The UM approach has been applied several times to assess and describe urban flows and impacts related to them, using different tools such as Material Flow Analysis (MFA).
The MFA, researched by Baccini and Brunner in the 1990s, "measures the materials flowing into a system, the stocks and flows within it, and the resulting outputs from the system to other systems in the form of pollution, waste, or exports." Much like Wolmans case model for a hypothetical American City, this method is based on the concept that the mass of the resources used will equal the mass "plus" stock changes out. The MFA technique has become the mainstream school of urban metabolism because it uses more practical units that the public, workers, government officials and researchers can understand.

== Applications ==
There are four main uses of urban metabolism that are used today by urban planners and designers: sustainability reporting, urban greenhouse gas accounting, mathematical modelling for policy analysis and urban design.

===Sustainability indicators===

With the issue of sustainability at the core of many environmental issues today, one of the main uses of Urban Metabolism in the modern era is to track and record levels of sustainability in cities and regions around the world. Urban metabolism collects important and very useful information about energy efficiency, material cycling, waste management and infrastructure in urban environments. The urban metabolism model records and analyzes environmental conditions and trends which are easily understood for policy makers and consequently comparable over time making it easier to find unhealthy patterns and develop a plan of action to better the level of sustainability.
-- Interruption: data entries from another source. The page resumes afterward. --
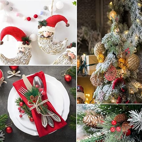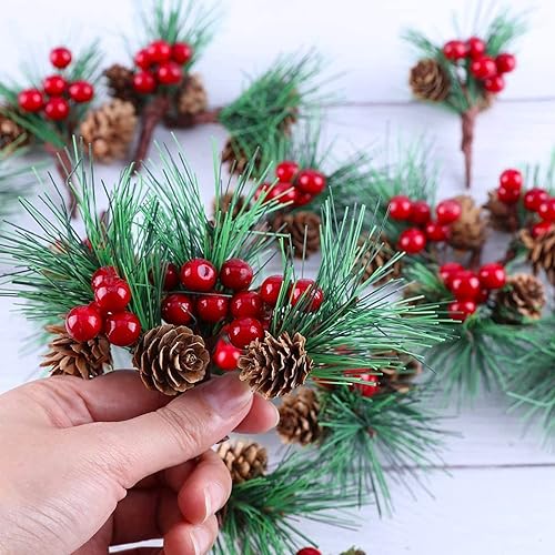 Ayuanb 20 Pcs Pics De Pin Artificiel, Noël Petites Branches de Sapin Artificielles, Branches de pin Artificielles de Noël avec Baies Rouges et Pommes de pin Naturelles, pour Guirlande de Noël
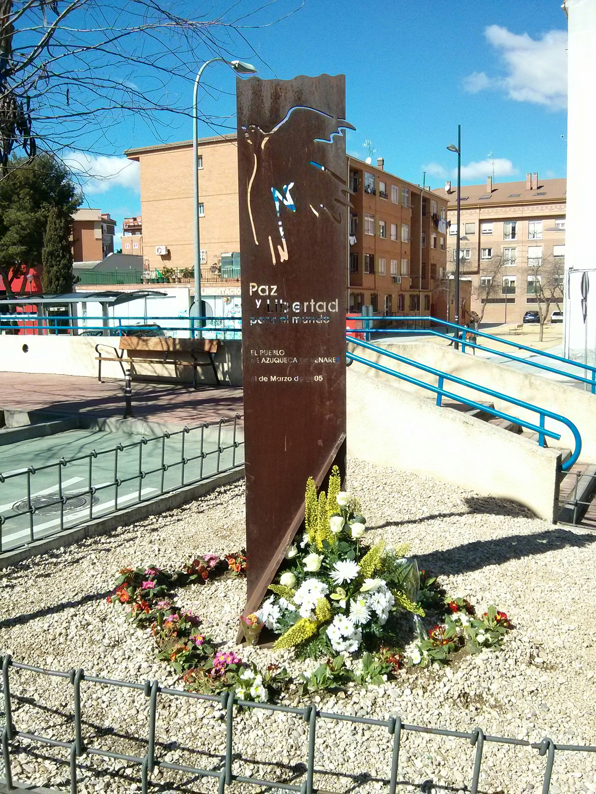 Cerca de medio centenar de personas han participado este mediodía en el acto celebrado junto al monolito de la estación de tren de Azuqueca de Henares en recuerdo a las víctimas de los atentados del 11 de marzo de 2004. El acto ha comenzado con cinco minutos de silencio, rotos por un aplauso, y, a continuación, el alcalde azudense, José Luis Blanco, acompañado por las portavoces de los grupos municipales del PSOE, Sagrario Bravo; PP, Aure Hormaechea; Ciudadanos, Silvia García, e IU-Ahora Azuqueca de Henares, María José Pérez, han depositado un centro de flores blancas a los pies del monolito. También se han sumado al homenaje otros concejales de la corporación y agentes de la Guardia Civil y la Policía Local.En los atentados del 11M, murieron 191 personas, de las que cinco eran vecinos de Azuqueca de Henares: María Fernández del Amo, Nuria Aparicio Somolinos, Eduardo Sanz Pérez, Mohamed Itaiben y José Gallardo Olmo. Como homenaje y recuerdo de las víctimas, el Ayuntamiento instaló en 2005 un monolito junto a la estación de tren y en el que se puede leer 'Paz y libertad para el mundo', bajo el perfil de una paloma. Además, en 2009, en la rotonda del aparcamiento de la estación, el Ayuntamiento instaló una placa con el texto 'En memoria de todas las víctimas del terrorismo. Siempre en nuestra memoria'.
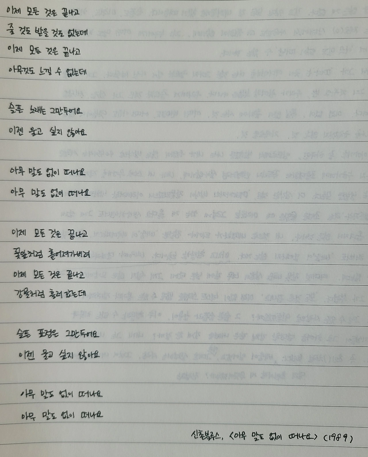 신촌블루스, '아무 말도 없이 떠나요' 가사 전문
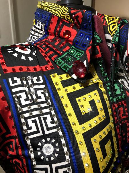 | THIS PIECE IS FOR THE BRAVE AND THE ONES THAT KNOW THEY ARE A WINNER. DEFINITELY GOING TO MAKE AN AMAZING STATEMENT IN THIS ONE! IT IS LOADED WITH COORDINATING CRYSTALS IN ALL OF THE SHIRTS COLORS. WOULD BE SUPER FUN PAIRED WITH THE RIGHT MATCHING PAD. I CAN REFER YOU TO CUSTOM PAD MAKERS THAT DO NOT CHARGE A LOT. THIS ONE IS RED, BLUE, GREEN, YELLOW, BLACK AND WHITE. SO FUN! BUST-39 will easily stretch to a 43/44 or I can take inward several inches WAIST-34 HIP-40 WOULD LOOK AMAZING WITH A PRIMARY COLOR PAD OR A CUSTOM WITH ALL OF THESE COLORS UPPER LEVEL READY $675 INCLUDES US SHIPPING/INSURANCE AND ALTERATIONS EMAIL QUESTIONS PLEASE REFER TO WINNING COLORS |
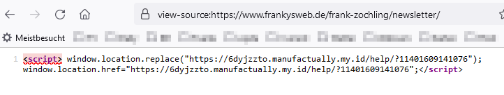 Nachdem ich die URL von Franks Seite mehrfach aufgerufen habe, wird mir diese wieder "sauber" angezeigt. Sieht mir wie eine gekaperte Hauptseite (möglicherweise über böswillige Werbeanzeigen aus). Unterseiten auf Artikel, die ich in Suchmaschinen gefunden habe, wurde sauber aufgerufen.
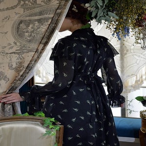 小さなすずらんがプリントされた柔らかなシフォンを使用しました 。肩から胸元へひらひらと流れるようなフリルはすずらんの花びらが奏でるトリルのよう。ベルスリーブの下から伸びるふんわりとした袖、手首できゅっと絞り袖先のフリルが手元を華やかに彩ります。アンダーバスト切り替えからひらりと広がるフレアーラインがエレガント。ボーカラーはフロント・サイド・バックとお好きな位置で結ぶ事が出来きますのでそれぞれの雰囲気が楽しめます。ネクタイのように結んで先を長く垂らすのもクールな印象
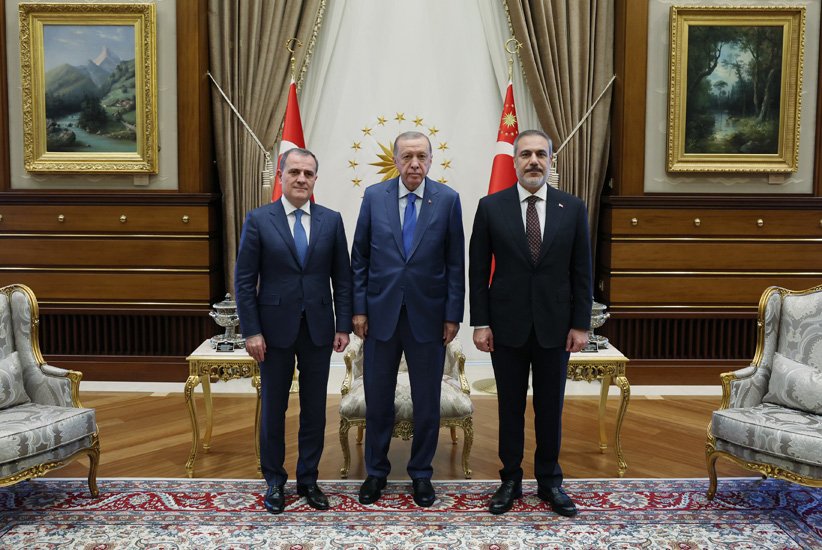 Cumhurbaşkanı Recep Tayyip Erdoğan, Azerbaycan Dışişleri Bakanı Ceyhun Bayramov’u Cumhurbaşkanlığı Külliyesinde kabul etti. Kabulde, Dışişleri Bakanı Hakan Fidan da hazır bulundu.
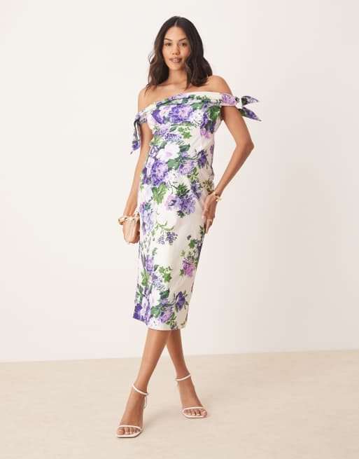 Vestido de tubo midi blanco y morado con escote Bardot y detalle en las mangas de Hope & Ivy Maternity
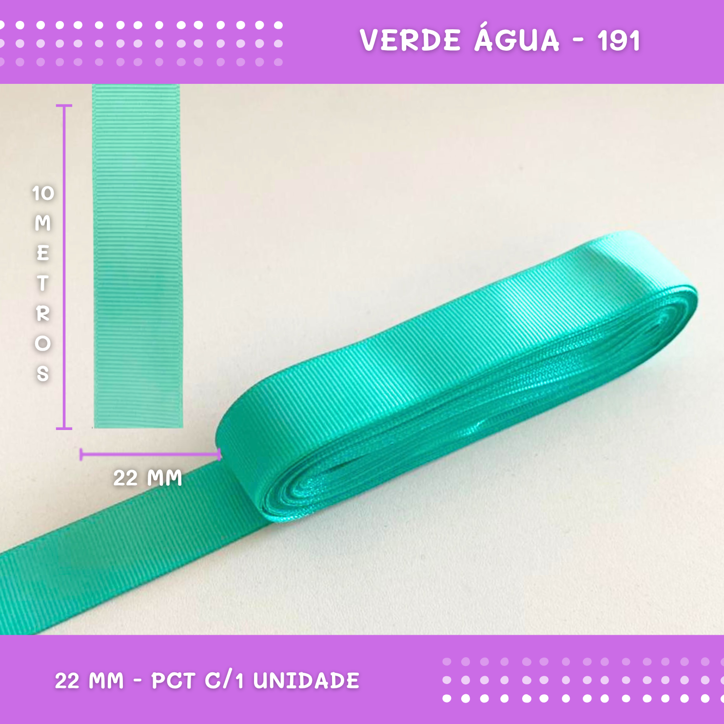 Fita de Gorgurão P/Laços - Nº5 (22mm) - COR:VERDE-AGUA-191
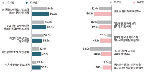 다만 만족도는 소폭 하락했는데, 코로나19 백신접종 사전예약 당시의 접속장애로 인한 이용불편 경험이 영향을 미친 것으로 보인다.
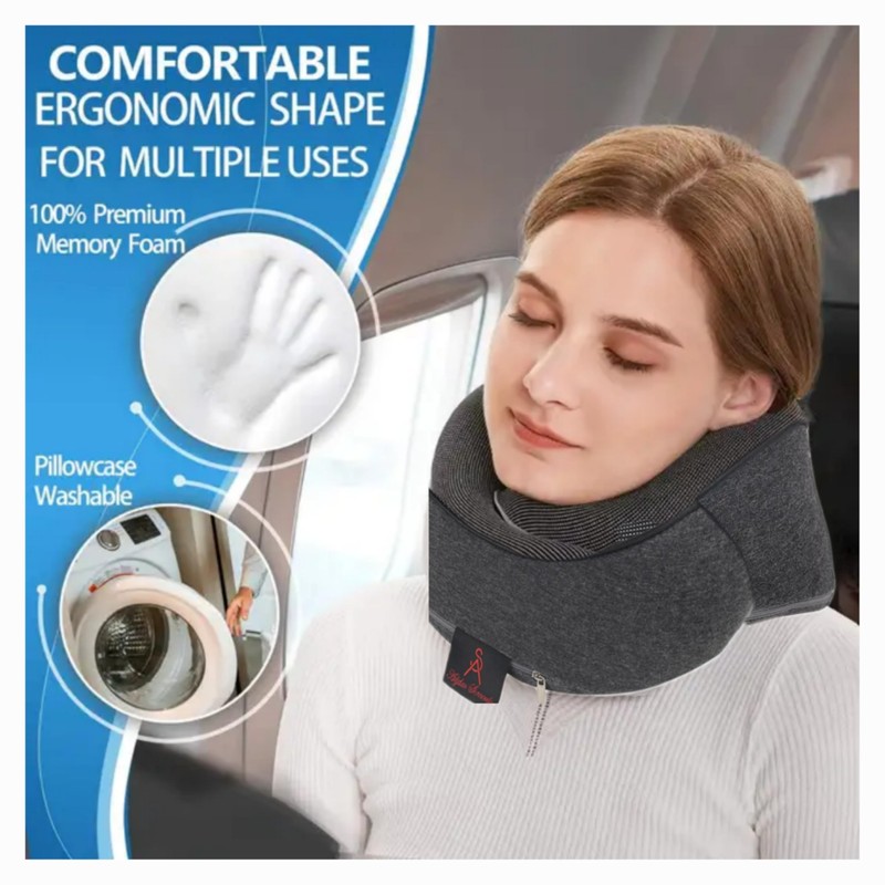 Reisekissen für Flugzeug, Nackenkissen aus Memory-Schaum für Erwachsene, verstellbares und kompaktes Flugzeugkissen, ergonomisches Nackenkissen – Dunkelgrau

===Greenhouse gas accounting===

Staying in line with the notion of sustainability, urban metabolism is also a helpful tool for tracking greenhouse gas emissions on a city or regional level. As mentioned above, with the proliferation of linear metabolisms such as cars, the production of greenhouse gases has increased exponentially since the birth and mass production of the automobile causing a problem for our atmosphere. Urban metabolism has been proven to be a necessary tool for measuring levels of greenhouse gas because it is an out-put or waste product that is produced through human consumption. The model provides quantifiable parameters which allow officials to mark unhealthy levels of GHG emissions and again, develop a plan of action to lower them.

===Mathematical models===

Aside from accounting applications, scholars have begun to develop mathematical models to quantify and predict levels of particles and nutrients within the urban metabolism model. Such models are mostly used in MFA analysis and are helpful in determining present and future sub-processes and material stocks and flows within the urban environment With the ability to predict future levels, the models allow progress to be made and possible pollution prevention programs to be instated rather than end-of-the-pipe solutions which have been favoured in the past.

===Design tools===

Through utilization of the 3 applications above, scholars and professionals are able to use urban metabolism as a design tool to create greener and more sustainable infrastructure from the beginning. By tracing flows of energy, materials and waste through urban systems as a whole, changes and alterations can be made to close the loops to create circular metabolisms where resources are recycled and almost no waste is produced. Such initiatives are being made around the world with technology and inventions which make building green that much easier and accessible.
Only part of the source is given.